Available data:
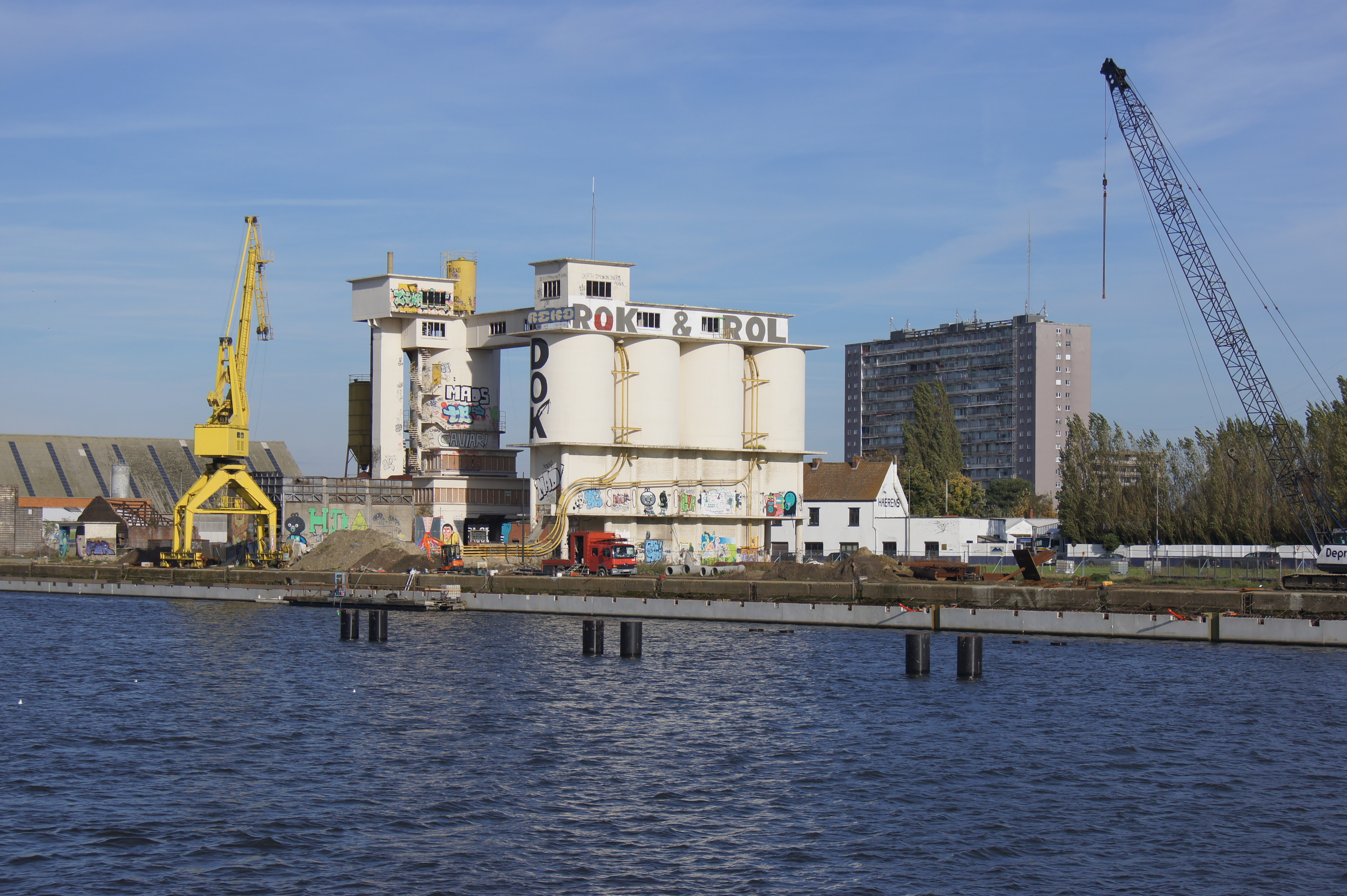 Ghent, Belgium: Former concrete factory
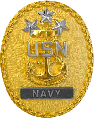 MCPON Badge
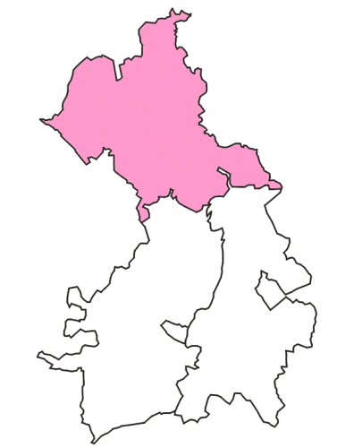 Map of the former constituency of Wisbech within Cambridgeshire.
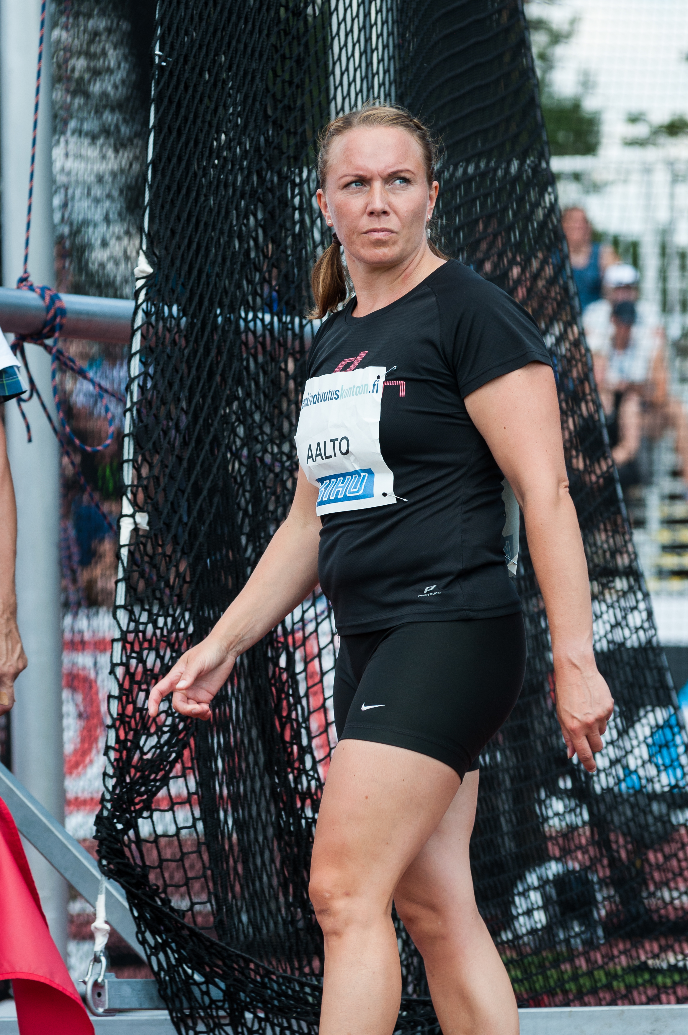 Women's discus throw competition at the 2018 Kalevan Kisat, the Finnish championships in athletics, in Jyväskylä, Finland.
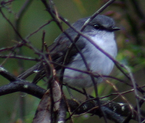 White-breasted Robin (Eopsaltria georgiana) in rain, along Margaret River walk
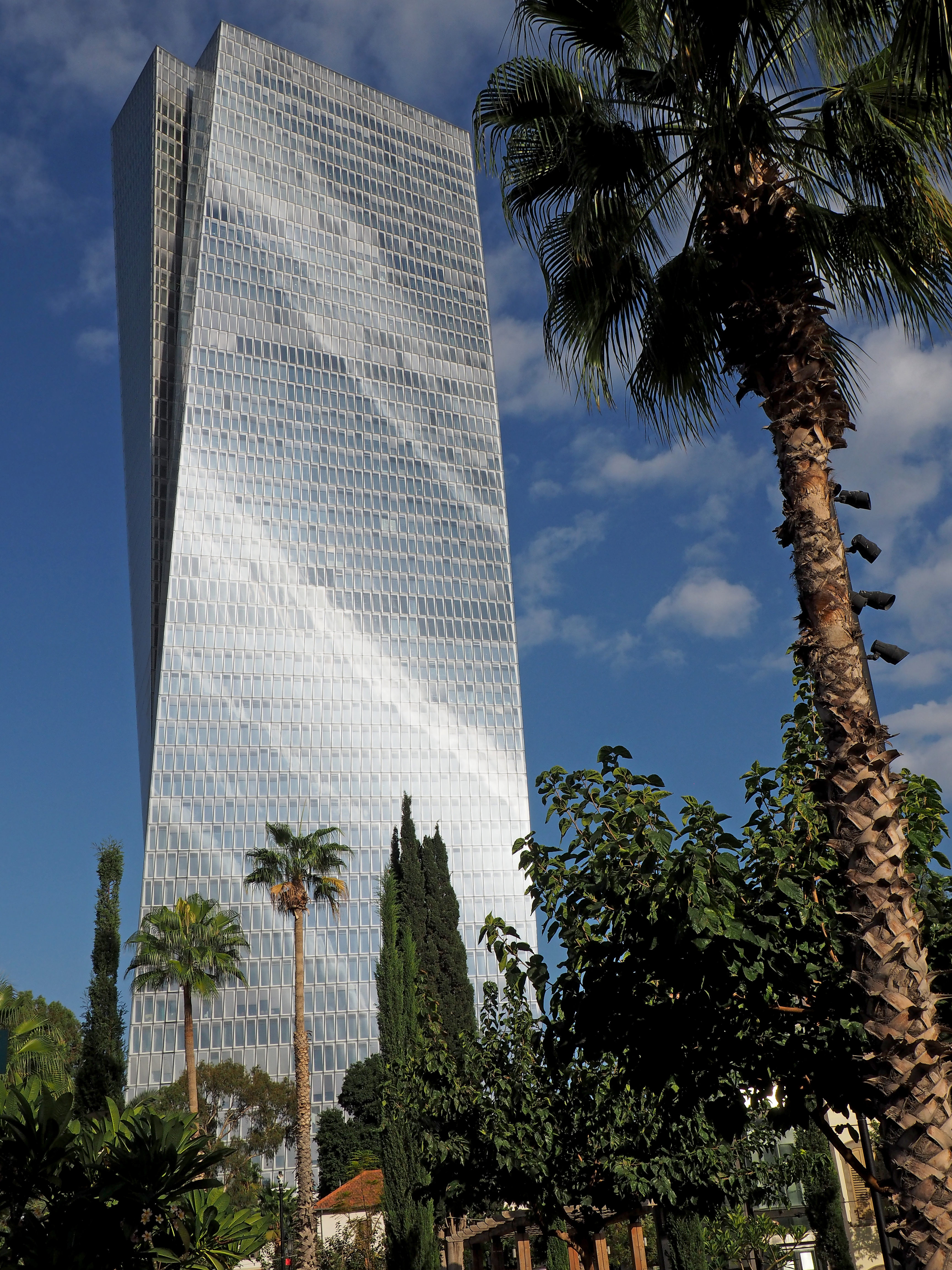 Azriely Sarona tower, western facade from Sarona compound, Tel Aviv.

What this task involves:
Leave the pictures out and copy exactly the lines from the one that holds "Women's discus throw" through the last line of the material.

Task answer:
 Women's discus throw competition at the 2018 Kalevan Kisat, the Finnish championships in athletics, in Jyväskylä, Finland.
 White-breasted Robin (Eopsaltria georgiana) in rain, along Margaret River walk
 Azriely Sarona tower, western facade from Sarona compound, Tel Aviv.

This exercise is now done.